### EXERCISE
All entries are to be copied exactly, with pictures removed.

### PROVIDED RECORDS
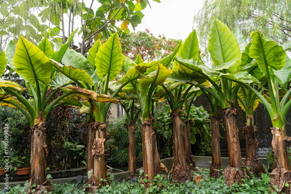 Lush banana plants grow in a green garden with large leaves, thick stems, and tropical vibe
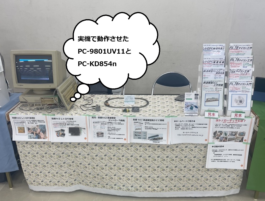 今回はサプライズで最新号(別冊Vol.4)で取り上げたPC-9801UV11とPC-KD854nを実機実働展示いたしました。
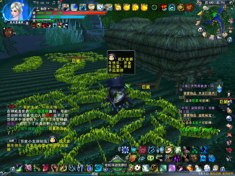 在跟帖中上传在变成草精拜年的照片(摆摊、幻化、乘骑坐骑,总之变成草精的样子进行照相),并向论坛的小伙伴们送上祝福的话语{:8_529:}
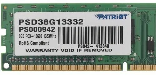 Оперативная память для компьютера Patriot PSD38G13332 DIMM 8Gb DDR3 1333MHz информация:
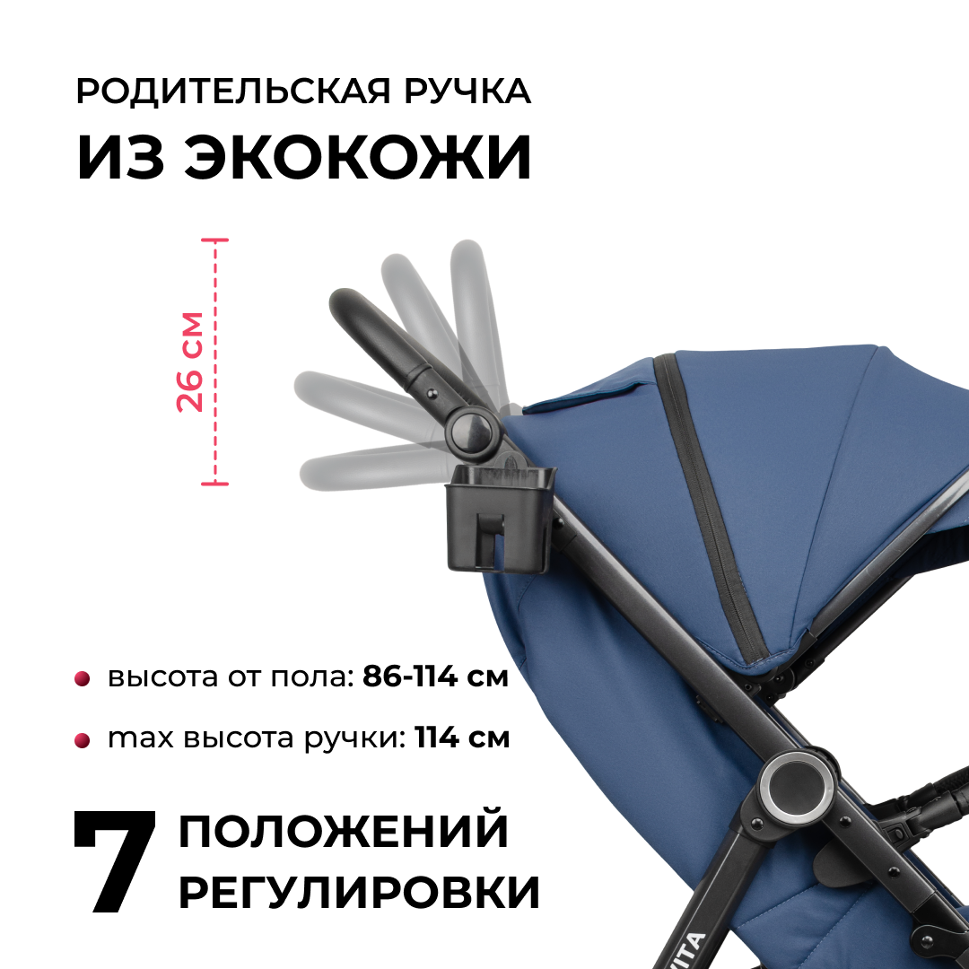 | Дополнительная информация | В расцветках капучино и чёрный колёса прорезиненные. Диаметр колес: передние — 18 см; задние— 25 см. В расцветках тёмно-синий и серый колёса цельнорезиновые. Диаметр колёс: передние — 20см; задние— 29 см. |
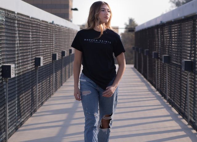 Boyfriendy najczęściej mają talię na „normalnej” wysokości (nad biodrami, ale nie pod samym pępkiem). To tzw. regular waist. Wraz ze wzrostem popularności mom jeans, czyli spodni, których jednym z podstawowych wyróżników jest wysoki stan, również ten trend został przeniesiony do boyfriendów. W efekcie dostaliśmy jeansy które nadal są mają dosyć luźne nogawki, często też sporo „niegrzecznych” przetarć, są luźne na wysokości bioder i w kroku – ale mają podniesioną talię. To spodnie trochę od mamy, a trochę od chłopaka.
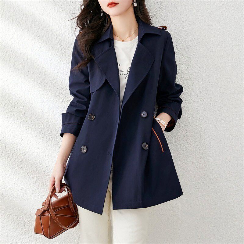 奈格薇儿小个子英伦风衣外套女春秋2025新款气质双排扣中长款大衣
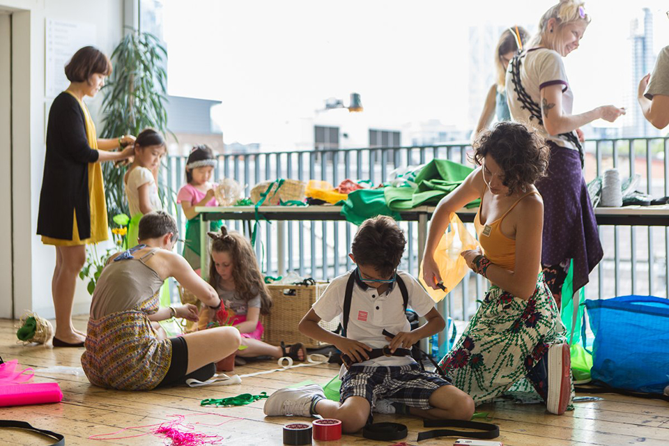 The Art Lab is an interactive space where kids and adults can engage with Queens Museum exhibition topics and express their creativity. Visitors to the Art Lab not only get to look at art, but also write, draw, and discover the topics on their own. Activities cater to a diverse cross-section of Queens Museum guests with materials provided in English, Spanish, Bengali, Mandarin, and even braille.
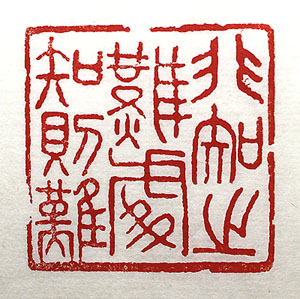 縦横・・4×4cm 『韓非子』の説難に有る言葉の一節で、古璽で刻した「非知 之難、處知則難(知の難きに非ず、知に處するは則ち難し) 」である。誠に意味深い言葉で、日本でも古來「じゃれる子 犬は可愛いが、纏わり付く子犬は蹴られる」と言われている 通り、知る事が重要では無く、知っている事に如何に對應す るかが重要であり、假に正しい事であっても、對處の如何に 因って相手を傷付けたり、己自身をも傷付けたりもする。 何事も對處は如何に難しいかと言う事を、肝に銘じておく必 要が有るであろう。 |

### OUTPUT
 Lush banana plants grow in a green garden with large leaves, thick stems, and tropical vibe
 今回はサプライズで最新号(別冊Vol.4)で取り上げたPC-9801UV11とPC-KD854nを実機実働展示いたしました。
 在跟帖中上传在变成草精拜年的照片(摆摊、幻化、乘骑坐骑,总之变成草精的样子进行照相),并向论坛的小伙伴们送上祝福的话语{:8_529:}
 Оперативная память для компьютера Patriot PSD38G13332 DIMM 8Gb DDR3 1333MHz информация:
 | Дополнительная информация | В расцветках капучино и чёрный колёса прорезиненные. Диаметр колес: передние — 18 см; задние— 25 см. В расцветках тёмно-синий и серый колёса цельнорезиновые. Диаметр колёс: передние — 20см; задние— 29 см. |
 Boyfriendy najczęściej mają talię na „normalnej” wysokości (nad biodrami, ale nie pod samym pępkiem). To tzw. regular waist. Wraz ze wzrostem popularności mom jeans, czyli spodni, których jednym z podstawowych wyróżników jest wysoki stan, również ten trend został przeniesiony do boyfriendów. W efekcie dostaliśmy jeansy które nadal są mają dosyć luźne nogawki, często też sporo „niegrzecznych” przetarć, są luźne na wysokości bioder i w kroku – ale mają podniesioną talię. To spodnie trochę od mamy, a trochę od chłopaka.
 奈格薇儿小个子英伦风衣外套女春秋2025新款气质双排扣中长款大衣
 The Art Lab is an interactive space where kids and adults can engage with Queens Museum exhibition topics and express their creativity. Visitors to the Art Lab not only get to look at art, but also write, draw, and discover the topics on their own. Activities cater to a diverse cross-section of Queens Museum guests with materials provided in English, Spanish, Bengali, Mandarin, and even braille.
 縦横・・4×4cm 『韓非子』の説難に有る言葉の一節で、古璽で刻した「非知 之難、處知則難(知の難きに非ず、知に處するは則ち難し) 」である。誠に意味深い言葉で、日本でも古來「じゃれる子 犬は可愛いが、纏わり付く子犬は蹴られる」と言われている 通り、知る事が重要では無く、知っている事に如何に對應す るかが重要であり、假に正しい事であっても、對處の如何に 因って相手を傷付けたり、己自身をも傷付けたりもする。 何事も對處は如何に難しいかと言う事を、肝に銘じておく必 要が有るであろう。 |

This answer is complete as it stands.